Drug Safety Associate
Icon plcShanghaiUpdate time: September 3,2019
Job Description
Are you passionate about serving as the safety reporting lead? The DSA will prepare, perform quality checks of, and submit expedited and periodic reports for all types of safety events and other medically-related project information under mentorship of a Drug Safety Coordinator.
Senior Drug Safety Associate role within ICON:
The Senior Drug Safety Associate prepares and performs quality checks of regulatory documentation packets and coordinates the timely completion and submission of required reports to Health Authorities, Ethic Committees, Principal Investigators and third parties. You will also ensure compliance with regulatory reporting requirements for safety reporting (pre-marketing, post-marketing, device and drug) and/or other medically related information per assigned tasks and project specific procedures.
- Recognize, exemplify and enforce to ICON's values which centers around our dedication to People, Clients and Performance.
- As a member of staff, the employee is expected to embrace and contribute to our culture of process improvement with a focus on streamlining our processes adding value to our business and meeting client needs.
- Travel (up to approximately 15%) domestic and/or international as applicable
- Complete all departmental project activities accurately in accordance with ICON SOPs, Study Specific Procedures, regulatory requirements, and Sponsors processes
- Review and process serious adverse events, spontaneously reported adverse reactions and/or other medically related information per assigned tasks and study specific procedures
- Provide input and review relevant safety tracking systems for accuracy and quality and assist with maintaining project files
- Perform safety review of clinical and diagnostic data
- Liaise with investigational site, reporter, and/or Sponsor as necessary regarding safety issues
- Attend project team meetings and teleconferences as required
- Serve a resource for investigational sites and ICON personnel on safety-related issues
- Liaise with Sponsor and attend Sponsor meetings, as required
- Liaise with ICON project manager, and other groups , as appropriate
- Identify out of scope activities in conjunction with the MSS Functional Lead and/or Clinical Project Manager
- Train/mentor newly hired DSA staff, as requested
- Assist with coordination of interdepartmental activities (e.g. listing review, quality control, quality assurance (audits), miscellaneous project activities)
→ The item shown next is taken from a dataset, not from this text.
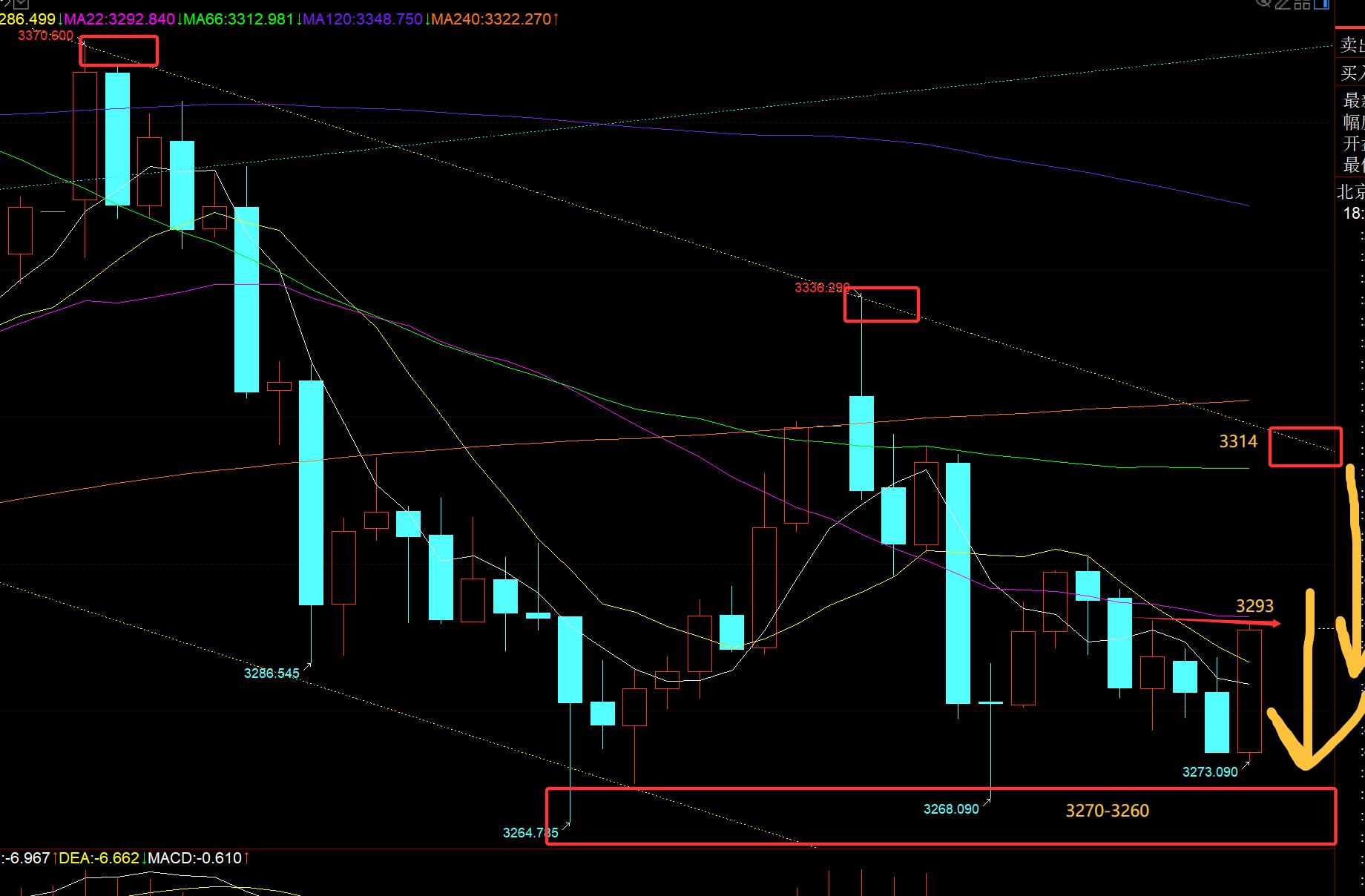 Cuadre, nivel de la hora dorada: asiático, asiático, lo que se detiene de la sesión de la hora de oro: asiático de 33333333. La sesión europea fluctuó de 3300 a 3273, la tendencia general de la sesión asiática y europea fue descendente y débil, por lo que todavía está inclinado a suprimir la valentía esta noche; Pero el punto bajo también se movió lentamente hacia arriba en pequeños pasos, de 3260 a 3264 a 3268 y luego a 3273; Esto puede dar lugar a fluctuaciones repetidas y un barrido repetido del mercado, y es mejor caer lentamente al final, de repente subiendo rápidamente; Al final, de repente cayendo bruscamente; Primero enfóquese en la pista media 3293, que también es una caída en la sesión europea. Si se rompe, concéntrese en 3314. La gran caída negativa también es el punto de presión de la pista superior del canal amarillo. Cuando llega a una caída bajista, caerá cuando caiga. Cuando cae efectivamente 3270-3260, probará el siguiente soporte 3245, 3228, etc.;

- Generate study specific procedures for contracted departmental services
- Assist management with weekly and monthly project status reports
- Assist with generation of regulatory reports as necessary to ensure regulatory compliance .
- Conduct safety presentations for start-up meetings, Investigator meetings and other meetings
- Serve as lead DSA on all (including global) medical or safety projects as assigned
- Assist the MSS Functional Lead (e.g. Medical Monitor) independently
- Perform other activities as identified and requested by management
To succeed you will need:
We are seeking candidates with a medical/science background with a bachelor’s degree. Minimum of 3-4 years related experience in Pharmacovigilance. To be successful you will be expected to be proficient in Microsoft Office skills (Word, Excel, and Access). Have good communication skills, be fluent in written and verbal English, detail-oriented and have the ability to work effectively within a team environment.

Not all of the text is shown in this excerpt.